An overview of encoding naming conventions in user interfaces (UIs) would help, but there seems to be none. Based on the sampling I have done, I found several strategies for creating lists of encodings for UIs:
- Raw list of encodings
- List of encodings returned by Windows
- Subset of the list of encodings returned by Windows
- Application provided (library like libiconv or custom code)
- Order encodings by language and/or region
- Order by technical encoding categories (like origin system or inventor)
- Naming (in the user interface)
- Technical names
- MIME or IANA names
- Code page names (Windows)
- Simplified technical names
- User friendly names (language or region name disregarding technical names)
- A mix of the above
- For example: names provided by Windows (intended for the user interface)
- Technical names
The degree of technicality of names presented in the user interface varies. Firefox for example almost removes any technical information and keeps only the language name/region and a generic reference to a standard (“ISO” or “Windows”). This is not precise enough for users of a hex editor that want to pick an encoding with certainty. On the other hand I want to use encoding names that are common and popular and help people remember something they saw in the past without having rigorously studied encodings. This means it should include common alias names.
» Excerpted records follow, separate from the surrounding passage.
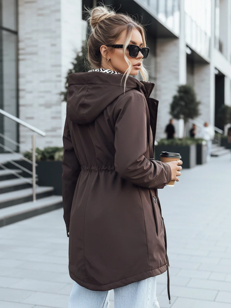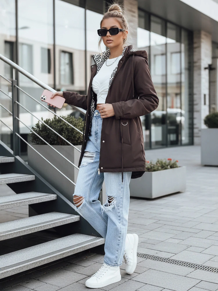 Stylowa parka damska w modnym brązowym kolorze. Kurtka została zaprojektowana z myślą o komforcie i nowoczesnym stylu – idealna na sezon przejściowy oraz chłodniejsze dni. Posiada odpinany kaptur, praktyczne kieszenie oraz ściągacz w talii, który pozwala dopasować fason do sylwetki. Wnętrze kurtki zdobi modna, kontrastowa podszewka z geometrycznym wzorem.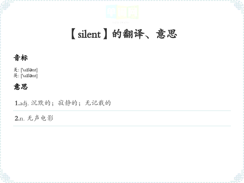 - 词根记忆法:理解 "silent" 的词根 "sil-" 代表“安静”,可以帮助记住其含义。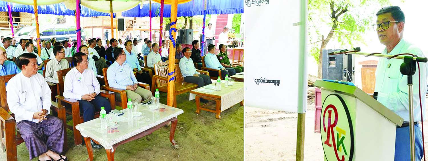 ဦးစွာ ပြည်ထောင်စုဝန်ကြီးက ၂၀၂၄ ခုနှစ်က ဖြစ်ပွားခဲ့သည့် ရေကြီးရေလျှံမှုကြောင့် ညောင်ပင်သာကျေးရွာမှ နေအိမ်များ ပျက်စီးဆုံးရှုံးခဲ့ရပါကြောင်း၊ ကျေးရွာပြန်လည်ထူထောင်ရေးနှင့် တည်ဆောက်ရေးလုပ်ငန်းများအတွက် မြန်မာနိုင်ငံခရီးသွားလုပ်ငန်းအဖွဲ့ချုပ်နှင့် ညီနောင်အသင်းများ၏ ပံ့ပိုးကူညီမှုများဖြင့် ဆောင်ရွက်ခဲ့ကြရာ ရာနှုန်းပြည့်ပြီးစီးပြီဖြစ်သည့်အတွက် အိမ်ရာများကို ကျေးရွာနေပြည်သူများထံသို့ လွှဲပြောင်းပေးခြင်းဖြစ်ပါကြောင်း၊ ကျေးရွာ၌ နေအိမ် ၂၂ လုံးအပြင် ဒေသခံများ၏ အကျိုးကိုဖော်ဆောင်နိုင်ရန် Community Center ကိုပါ ထည့်သွင်းတည်ဆောက်ပေးထားပြီး အလုပ်အကိုင်အခွင့်အလမ်းများ ဖန်တီးပေးနိုင်ရေးအတွက် လက်မှုပစ္စည်းထုတ်လုပ်ခြင်း သင်တန်းများကိုလည်း ဆောင်ရွက်ပေးသွားရန် လျာထားပါကြောင်း၊ မြန်မာနိုင်ငံ ခရီးသွားလုပ်ငန်းအဖွဲ့ချုပ်နှင့် ညီနောင်အသင်းများအနေဖြင့် ညောင်ပင်သာကျေးရွာအား ရပ်ရွာလူထု အခြေပြုခရီးသွားလုပ်ငန်း စံပြကျေးရွာတစ်ခုအဖြစ် ဖော်ဆောင်သွားနိုင်ရေးအတွက် ဆက်လက်ကူညီပံ့ပိုးပေးသွားစေလိုပါကြောင်း၊ ညောင်ပင်သာ ကျေးရွာပြန်လည်ထူထောင်ရေးလုပ်ငန်းများ ဆောင်ရွက်နိုင်ရေးအတွက် ကူညီပံ့ပိုးပေးကြသူများအားလုံးကို ကျေးဇူးတင်ရှိပါကြောင်း ပြောကြားသည်။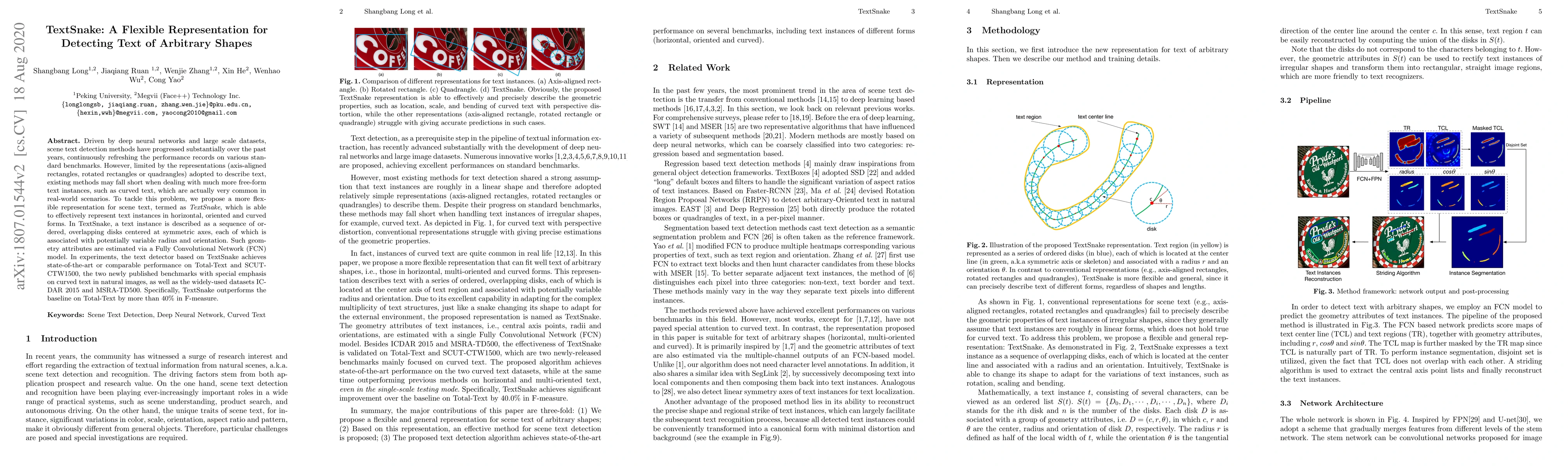 Researchers propose a new text detection method called TextSnake, which can detect curved and irregularly shaped text in images, achieving state-of-the-art performance on several benchmark datasets.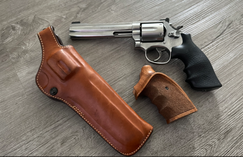 neuwertiger Revolver S&W 686-4, 6 Zoll inkl. Holster und Ersatzgriff im Kal. 357 Mag.eGun-ID: 20208164

Windows does a pretty good job of naming encodings that way when they are more exotic, but for common ones it just removes this information. For example, “ANSI – Cyrillic” misses any clear indication that it is Windows specific. Given all the ambiguity there has been regarding encodings, I prefer to add to the encoding name provided by Windows the technical name as defined by IANA: “ANSI – Cyrillic (Windows-1251)”.
Sometimes encoding names returned by Windows already include some code page references, e.g., “IBM EBCDIC – Germany (20273 + Euro)”. If the reference to the Windows specific code page 20273 was replaced by a reference to the proper EBCDIC encoding, it would be more clear: “IBM EBCDIC – Germany (EBCDIC 237 + Euro)”. As the exact wording may change with translations or Windows versions, I cannot modify the strings safely to match the desired output.
Except for the referencing issue, this should give names that are recognizable to the user (if they saw it in Windows in the past) but also the technical user because of the additional information added after the Windows provided name.
On top of that encodings will be ordered by language/region and technical encoding categories: Windows, DOS/IBM-PC, and Macintosh (so the categories mentioned above) but also possibly more such categories, like ISO 8859, EBCDIC, Unicode, etc.. That way, both types of interests can be met: finding a possible encoding for a known language or selecting the exact technical encoding.